57 years ago, on September 12, 1959, a launch vehicle Vostok-L was launched from the Baikonur launch site. It put into a lunar flight path the Luna-2 space probe which was to become the world’s first space probe to reach the surface of the Earth’s natural satellite.
The lunar landing took place two days later. These first-generation space probes were delivered from the Earth to the Moon without flight path correction, without braking maneuvers in the lunar space. Nevertheless, the mission was a success. Luna-2 and the last stage of the launch vehicle reached the lunar surface to the west of Sea of Serenity, near the craters Aristillus, Archimedes and Autolycus. Delivered to the lunar surface were so-called ‘pennants’ with the image of the State Emblem of the USSR. And new scientific data were sent back to Earth. Thus, it turned out that the Moon has virtually no magnetic field of its own or any radiation belt.

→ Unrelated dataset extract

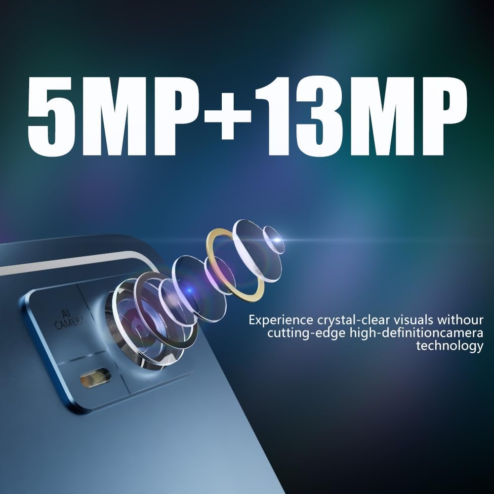 Perfect for Video Calls and Media: Dual Cameras and Quad Speakers” Experience crystal-clear video calls and immersive audio with our tablet featuring a dual-camera setup (5MP + 13MP) and quad speakers.

On the next day Special Design Bureau 1 (now RSC Energia), which took part in the development of the space probe Luna-2, received congratulation from the USSR government addressed to “scientists, designers, engineers, technicians, workers and the entire team”. The message reads: “The launch of the second Soviet space rocket, which on September 14 reached the surface of the Moon, ushers in a new era in the mankind’s conquest of space; for the first time in history a flight from Earth to another heavenly body was achieved”.
Subsequently, a mockup of Luna-2 and a rocket stage were displayed at technical exhibitions in Europe. The then Soviet leader Nikita Khrushchev presented the US president Dwight Eisenhower with a replica of the spherical “pennant”, which was delivered to the Moon. It is now kept at the Kansas Cosmosphere museum.